◆ **Problem to solve**: Please transcribe the listing below in full and word for word, without its pictures.

◆ **Supplied material**:
/---
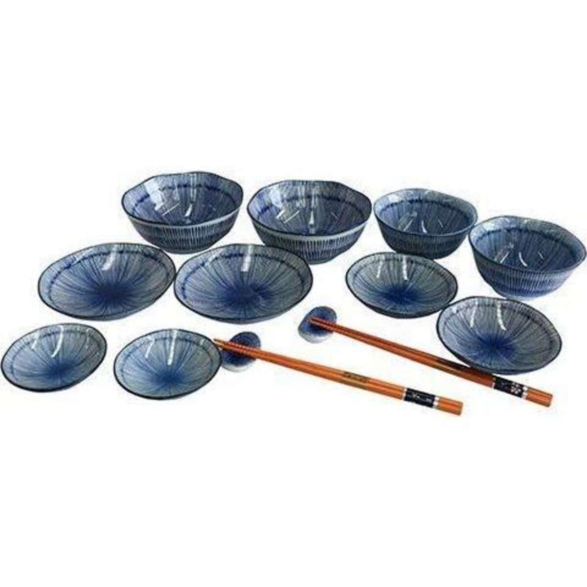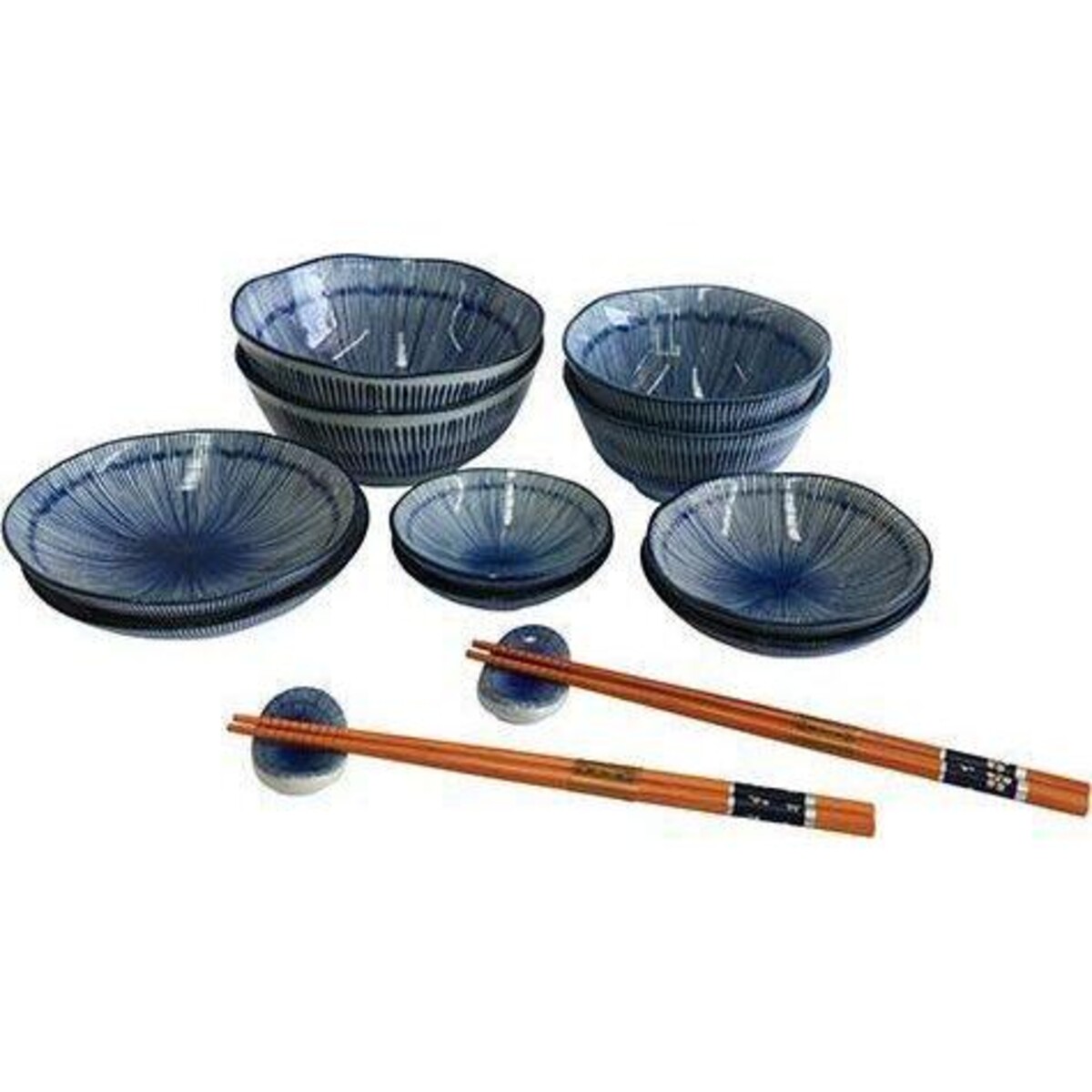 Japanese food a has a certain aromatic quality seldom found in other cuisines and t is not just the preparation, but the time of eating and the way of eating the food that makes all the difference to the way the food tastes. Make your effort at serving authentic Japanese food or even for most far eastern delicacies is this set of porcelain bowls and chopsticks as it will make the food presented on the table truly come alive with all its charm - simple yet eclectic in every sense. Elegant durable and very high quality porcelain makes this must buy for donburi and rice fans. Table ware being as important as serving and flavor of eating this set has ten ices of bowls and dishes in delicate blue colour with two sets of chopstick with their sting plates included. There is something overly elaborate yet innately simple in the manner in which the table needs to be set and this set will help you achieve that look as authentically as possible. The bowls are microwave and dishwasher safe and will be great as an inclusion to your serve ware collection when the time to serve Japanese food arises.
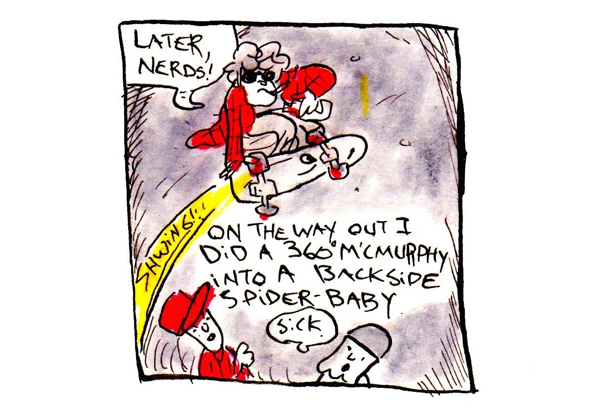 I sat on my skateboard way in the back and drank all the free beer I could. Slowly, it became obvious that Mr. Crowes was fucking wasted. He went on at great length about how superhero comics are bullshit.
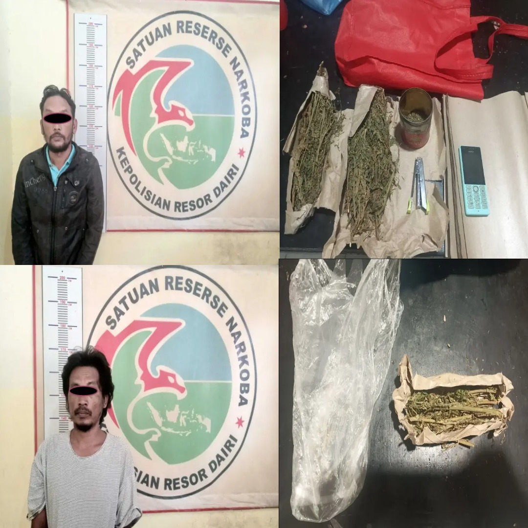 Dairi24jam || Tiga Lingga—Sat Narkoba Polres Dairi meringkus 2 tersangka kasus narkotika jenis Ganja.
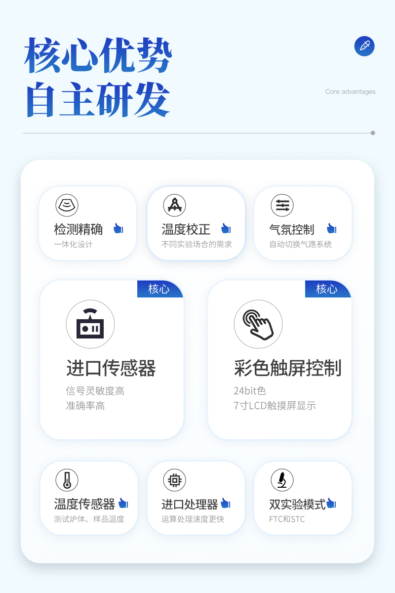 10、相互独立的双温度传感器,可以同时分别测试炉体温度和样品温度。
\---
◆ **Problem solution**:
 Japanese food a has a certain aromatic quality seldom found in other cuisines and t is not just the preparation, but the time of eating and the way of eating the food that makes all the difference to the way the food tastes. Make your effort at serving authentic Japanese food or even for most far eastern delicacies is this set of porcelain bowls and chopsticks as it will make the food presented on the table truly come alive with all its charm - simple yet eclectic in every sense. Elegant durable and very high quality porcelain makes this must buy for donburi and rice fans. Table ware being as important as serving and flavor of eating this set has ten ices of bowls and dishes in delicate blue colour with two sets of chopstick with their sting plates included. There is something overly elaborate yet innately simple in the manner in which the table needs to be set and this set will help you achieve that look as authentically as possible. The bowls are microwave and dishwasher safe and will be great as an inclusion to your serve ware collection when the time to serve Japanese food arises.
 I sat on my skateboard way in the back and drank all the free beer I could. Slowly, it became obvious that Mr. Crowes was fucking wasted. He went on at great length about how superhero comics are bullshit.
 Dairi24jam || Tiga Lingga—Sat Narkoba Polres Dairi meringkus 2 tersangka kasus narkotika jenis Ganja.
 10、相互独立的双温度传感器,可以同时分别测试炉体温度和样品温度。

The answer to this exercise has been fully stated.